The Government of El Salvador is adopting specific strategies to tackle gangs

339.- Mara_Salvatrucha_MS13Nayib Bukele, President of El Salvador, has announced the implementation of specific strategies aimed at reducing violence in the country, which continues to have one of the highest recorded homicide rates in the world at 50.3 per 100,000 inhabitants in 2018.

Although there has been criticism from within government of earlier ‘iron fist’ policies to deal with gangs, it was explained that the government is shifting to new models in the fight against crime, seeing it as a social problem resulting from lack of opportunity and poverty. Even so, there has so far been no mention of prevention or rehabilitation policies, rather the talk has been about attacking the gangs in two areas that the current government sees as key: prisons and the centres of big cities.

The first thing the government wants to do is attack gang finance. The government wants to cut off the gangs’ income so that they have no finance. It is thought that the gangs finance round 80% of their activity through extortion rackets. In parallel, the government wants to stop money laundering through the businesses that enable the gangs to operate.

A second front is to recover control of the centres of big cities, which are thought to be where the gangs run most of their extortion rackets. Government sources are of the view that previous policies focused on small rural communities were misconceived.
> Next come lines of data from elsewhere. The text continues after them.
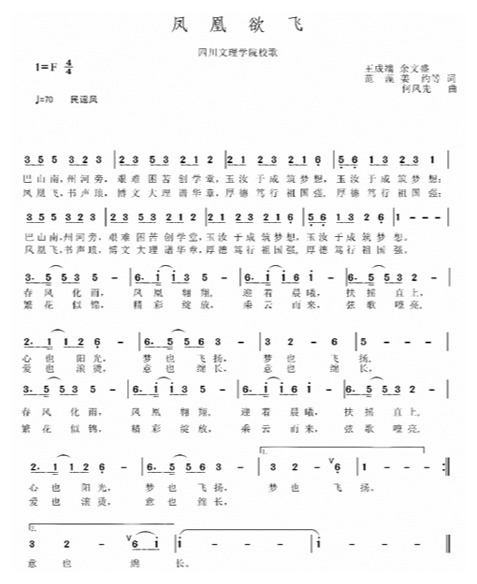 四川文理學院校歌《鳳凰欲飛》,2017年9月完成詞曲創(chuàng)作,在四川省第八屆大學生藝術(shù)節(jié)上獲專業(yè)組一等獎,在第十四屆中國合唱節(jié)上獲銀獎。鳳凰在漢文化中是吉祥、勇敢、和諧、幸福的化身,是剛強勇敢、才智超群、幸福美滿、生生不息的象征?!而P凰欲飛》取鳳凰在浴火中重生,積蓄足夠能量,意欲展翅翱翔于九天之勢,喻指四川文理學院如同鳳凰翔集的梧桐林,千萬學子云集于斯,師生同心同德,篤行博文大理、厚德篤行的校訓,經(jīng)風沐雨,為祖國富強、社會進步,嘔心歷膽,譜寫生命華章。曲詞分為兩章,第一章敘寫學校地理區(qū)位和辦學緣起,以及源遠流長的辦學歷史和悠久的文化底蘊;第二章表達學校的辦學理念,人才培養(yǎng)目標和文理交融的理想人才標準;結(jié)尾部分抒寫文理學子對母校的感恩之情與對燦爛如花的未來的無限憧憬。《鳳凰欲飛》由王成端、余文盛、范藻、姜約等集體作詞,何鳳先作曲。
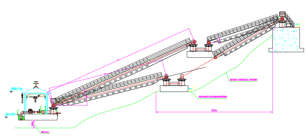 2. 高落差單級搖臂式固定泵站:適用于取水點水位落差20m~30m較大的,取水點距離岸邊支墩距離 ≤50m的,人行走道雙級懸橋式安裝場景。其特點是通過單級搖臂連接輸水管,結構相對簡單,能適應較大的水位變化幅度。但對搖臂的強度和穩定性要求高,可在落差較大且水流相對平穩的江河取水,通過調整搖臂角度,保證取水口始終處于合適水位。
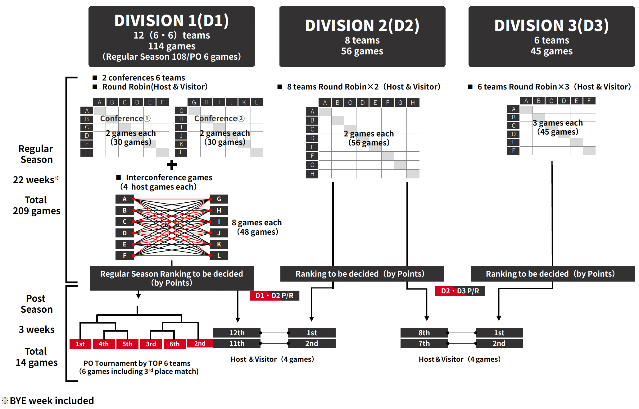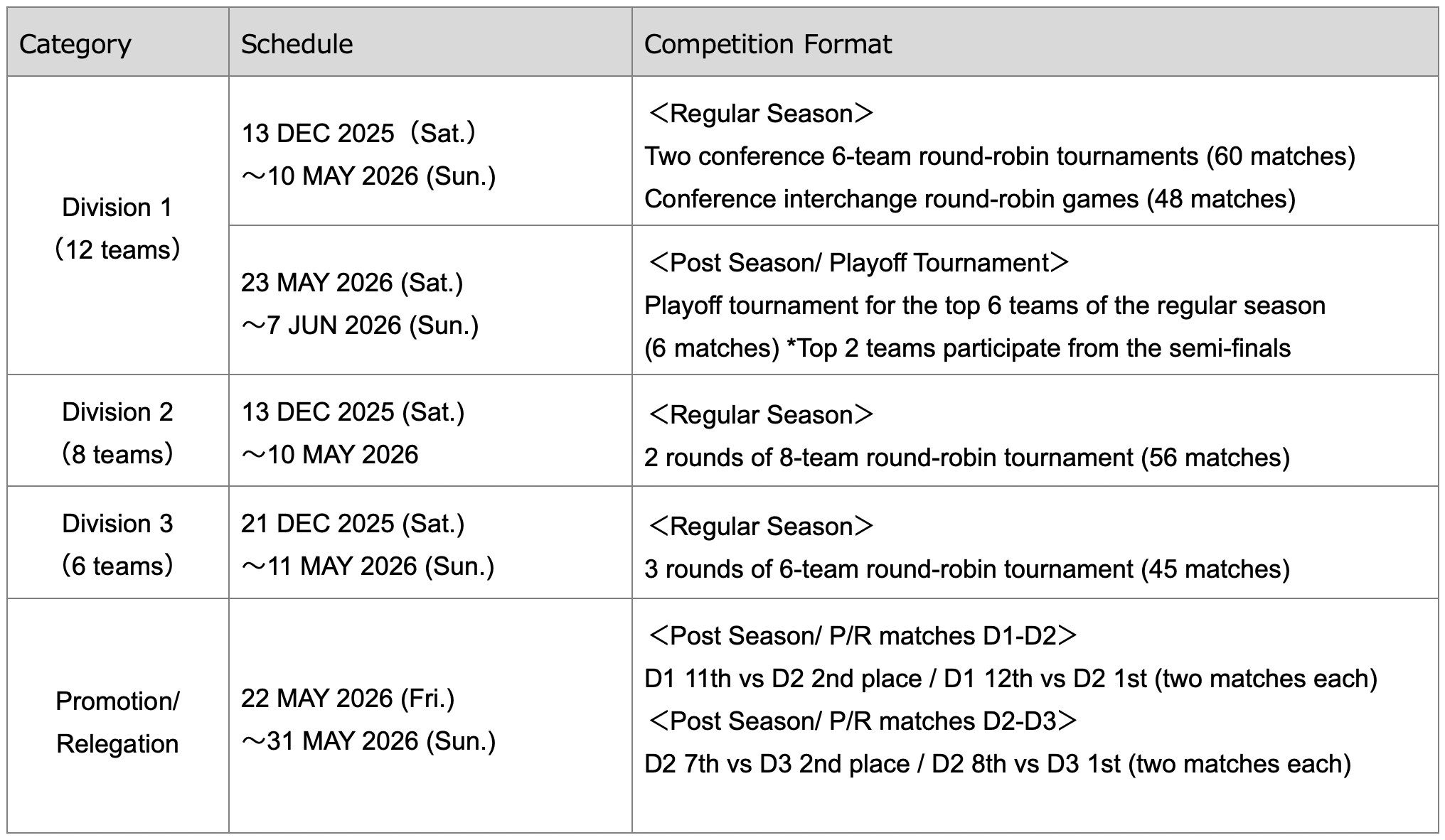 The tournament format for each division will remain unchanged from the 2024-25 season. D1 will consist of a league competition between two conferences and a playoff tournament involving six teams, with a total of 114 matches to determine the annual champion. The regular season will divide the 12 teams into two conferences, with each conference playing a home-and-away round-robin format (10 matches per team, with 5 home matches). Additionally, each team will play two home-and-away matches against two teams from the other conference (four matches per team, including two home matches), for a total of 108 matches.
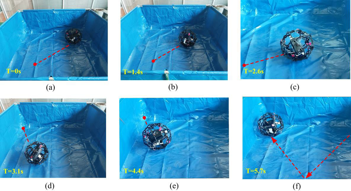 The steering-motion experiment of the RPSR is shown in Fig. 25. At T = 0 s, the robot starts to roll along the dotted-line direction from a stationary state. At T = 1.4 s, it continues to move in a straight line. To test the influence of the rotor mechanism on the motion, when it travels to T = 2.6 s, the brushless motor is controlled to rotate clockwise at a high speed. The polyhedral spherical shell instantaneously contracts slightly and remains stable. At the same time, the entire robot rotates slightly in the direction opposite to the motor rotation. At T = 3.1 s, the servo is controlled to make the pendulum swing around the direction of the rotating main shaft, and the moving direction of the robot changes. At T = 4.4 s, the robot maintains a straight-rolling state. At T = 5.7 s, when it approaches the edge of the experimental field, the robot and the rotor mechanism stop moving.
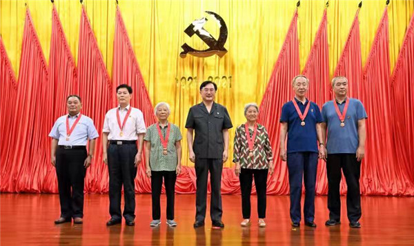 會(huì)場(chǎng)內(nèi),紅旗漫卷,紅色紀(jì)念章閃耀奪目的光芒。頒授儀式在莊嚴(yán)的國(guó)歌聲中正式開(kāi)始。當(dāng)榮獲“光榮在黨50年”紀(jì)念章的老黨員代表們步入會(huì)場(chǎng)時(shí),會(huì)場(chǎng)響起熱烈的掌聲。

To take back those historic city centres, the government will deploy CCTV and put more police and soldiers on the streets. There will be an investment of $15 million in improving pay and conditions for the forces of law and order.
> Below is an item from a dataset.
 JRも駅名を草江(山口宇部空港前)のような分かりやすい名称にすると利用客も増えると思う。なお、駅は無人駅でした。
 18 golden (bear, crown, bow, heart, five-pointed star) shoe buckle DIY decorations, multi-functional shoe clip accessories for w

The third strand in the fight against the gangs is to cut communication with prisons, since some 80% of orders for killings and extortion are thought to be issued from prison. The plan is to cut off messages from prisons. Implementation requires new prison staff in order to circumvent bribery and extortion within prisons themselves.
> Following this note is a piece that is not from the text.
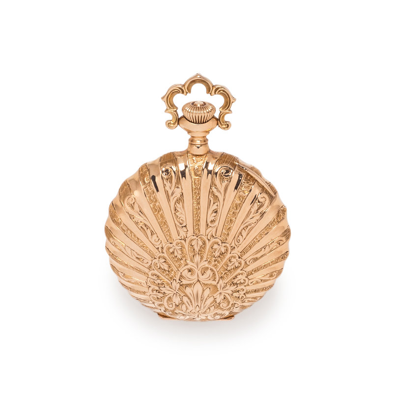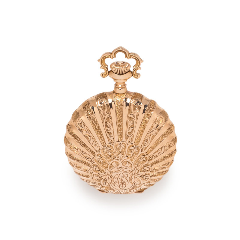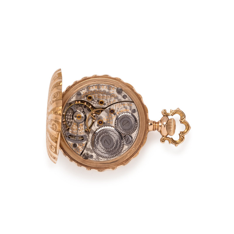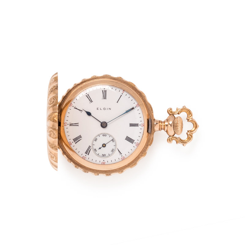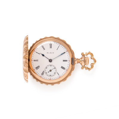 34.00 mm case diameter, white dial, black Roman numerals, subdial for seconds at 6 o'clock, stem wound and set 17 jewel nickel movement signed ELGIN NAT'L WATCH CO., foliate engraved case.
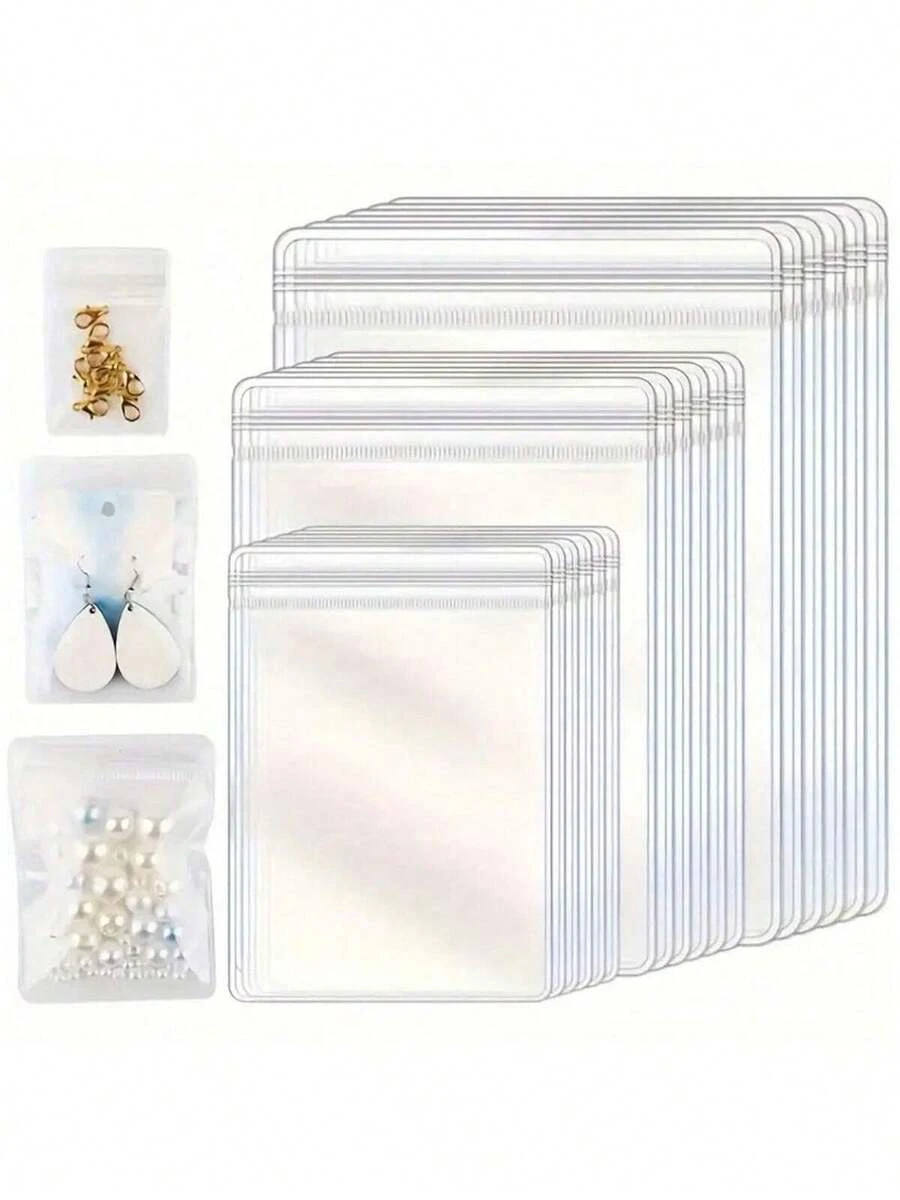 100/30/10pcs Reusable Pvc Dustproof Jewelry Bags, Gradient Color Sealed Jewelry Bags, Suitable For Jewelry, Earrings, Necklaces, Party Packaging.

The security plan being implemented by the Salvadorian government does not envisage any role for dialogue with the gangs. What’s more, it has been stressed that a government should not talk to “criminal groups”.

There are gang experts who believe that ‘iron fist’ policies cannot work on their own without a plan that addresses the socio-economic roots of violence in the country. There is no point in locking up thousands of gang members because they are part of the social fabric of El Salvador.

But politicians believe that the public are more concerned about crime and the government is trying to show that they are determined, which is what Salvadorians are thought to want. Nevertheless, there are political commentators who think there is room for a twin strategy: implement the existing strategy with a high-profile tougher approach to crime and when the gangs react put forward alternative proposals.